# Keno or LOTTO style

#### panz

##### New Member
So, here is how the game goes.
suppose that the game uses the numbers 1 through 50 and suppose that the operator selects eight of these. If the bettor selects five numbers, find the probability that there are exactly five matches.

I'm not so sure of what to do here. So to start and perhaps save the calculations for ppl who will help, the probability of 50 choose 8 is 536,878,650, and the probability of 50 choose 5 is 2,118,760.

Anyway, what I did is (45 choose 3)/ (50 choose 8) = .00002643 is this right?

#### JohnM

##### TS Contributor
You were pretty close.

n = total numbers = 50
y = number chosen = 8
x = number to match = 5

= [ yCx * (n-y)C(y-x) ] / nCy

= [ 8C5 * 42C3 ] / 50C8

= 56 * 11480 / 536878650

= 0.0011974

Here's a link that talks about a similar example (where 20 are drawn from 80)
http://wizardofodds.com/keno

#### jerryb

##### New Member
John,

I'm not crazy about that formula, let me tell you why:

the numerator multiplies the number of ways that 5 matches could be made from the 8 chosen numbers (that seems OK) by the number of ways that 3 numbers NOT SELECTED into the eight could be chosen from the remaining 42??

seems to me that should be 8C5*45C3 which would give a slightly higher probability.

my reasoning is that if i select my 5 first (as is done in most lottery games) then there are 8C5 ways that my numbers could match the draw of eight and there are 45C3 possible ways that the non-matching numbers could be drawn.

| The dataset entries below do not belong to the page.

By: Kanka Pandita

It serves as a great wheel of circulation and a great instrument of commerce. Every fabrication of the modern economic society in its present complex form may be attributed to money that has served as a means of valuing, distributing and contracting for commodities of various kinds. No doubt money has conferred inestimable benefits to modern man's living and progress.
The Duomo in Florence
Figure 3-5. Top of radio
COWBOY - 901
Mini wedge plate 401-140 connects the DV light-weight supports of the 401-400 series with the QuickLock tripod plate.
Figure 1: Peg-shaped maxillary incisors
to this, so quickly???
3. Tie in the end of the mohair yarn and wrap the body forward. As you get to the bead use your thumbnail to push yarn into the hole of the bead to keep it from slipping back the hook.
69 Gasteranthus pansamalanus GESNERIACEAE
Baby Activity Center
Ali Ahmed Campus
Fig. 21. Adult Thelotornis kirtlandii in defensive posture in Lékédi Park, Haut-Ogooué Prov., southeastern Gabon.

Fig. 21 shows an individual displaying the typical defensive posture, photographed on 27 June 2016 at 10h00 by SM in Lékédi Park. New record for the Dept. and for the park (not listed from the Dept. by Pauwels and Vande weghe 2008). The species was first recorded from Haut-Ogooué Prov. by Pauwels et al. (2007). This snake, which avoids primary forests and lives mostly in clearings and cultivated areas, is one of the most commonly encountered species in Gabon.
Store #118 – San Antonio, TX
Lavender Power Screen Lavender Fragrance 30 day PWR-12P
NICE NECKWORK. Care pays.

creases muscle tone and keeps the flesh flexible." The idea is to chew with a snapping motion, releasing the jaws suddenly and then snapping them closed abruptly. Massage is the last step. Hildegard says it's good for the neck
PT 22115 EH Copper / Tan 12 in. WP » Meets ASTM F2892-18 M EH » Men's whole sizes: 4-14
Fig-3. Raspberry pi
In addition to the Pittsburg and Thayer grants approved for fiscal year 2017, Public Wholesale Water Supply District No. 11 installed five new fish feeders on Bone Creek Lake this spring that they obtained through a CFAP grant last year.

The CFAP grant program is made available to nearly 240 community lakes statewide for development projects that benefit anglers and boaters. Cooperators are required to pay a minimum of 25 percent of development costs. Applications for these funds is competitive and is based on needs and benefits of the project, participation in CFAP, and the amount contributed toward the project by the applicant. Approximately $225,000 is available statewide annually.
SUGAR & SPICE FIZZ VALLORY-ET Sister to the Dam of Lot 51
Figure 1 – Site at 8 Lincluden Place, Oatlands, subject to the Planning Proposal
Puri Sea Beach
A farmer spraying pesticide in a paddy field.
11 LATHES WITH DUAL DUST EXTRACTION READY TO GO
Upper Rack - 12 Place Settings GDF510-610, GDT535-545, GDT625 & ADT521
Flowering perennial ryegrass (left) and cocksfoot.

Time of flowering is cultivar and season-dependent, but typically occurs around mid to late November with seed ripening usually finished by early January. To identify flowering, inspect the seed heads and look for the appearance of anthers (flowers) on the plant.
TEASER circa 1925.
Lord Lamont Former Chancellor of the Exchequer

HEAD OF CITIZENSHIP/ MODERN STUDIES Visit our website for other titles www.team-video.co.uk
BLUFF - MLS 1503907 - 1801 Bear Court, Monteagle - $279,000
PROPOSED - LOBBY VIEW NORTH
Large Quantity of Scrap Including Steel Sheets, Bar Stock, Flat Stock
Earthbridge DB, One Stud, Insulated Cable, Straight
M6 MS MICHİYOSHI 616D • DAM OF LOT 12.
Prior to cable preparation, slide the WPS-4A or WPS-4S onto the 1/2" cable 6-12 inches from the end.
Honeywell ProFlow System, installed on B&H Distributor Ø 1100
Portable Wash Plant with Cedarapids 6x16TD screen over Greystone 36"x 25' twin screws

Am I missing something here? or is the "wizard of odds" in error?

cheers
jerry

#### JohnM

##### TS Contributor
Jerry,

Let me think through this some more - you raise some good points.

John

#### JohnM

##### TS Contributor
I'm finding a lot of hits on google that explain "keno" as an example of a hypergeometric probability, which is the formula I originally posted.....

n = total numbers = 50
y = number chosen = 8
x = number to match = 5

= [ yCx * (n-y)C(y-x) ] / nCy

#### quark

jerryb said:
seems to me that should be 8C5*45C3 which would give a slightly higher probability.

my reasoning is that if i select my 5 first (as is done in most lottery games) then there are 8C5 ways that my numbers could match the draw of eight and there are 45C3 possible ways that the non-matching numbers could be drawn.
Hi Jerry,

If you use 45C3, then 3 of the 45 numbers will be chosen by the operator, and and number of matches can be more than 5. I think we need to use 42C3 to guarantee exactly 5 matches.

#### jerryb

##### New Member
seems like maybe you have never played keno?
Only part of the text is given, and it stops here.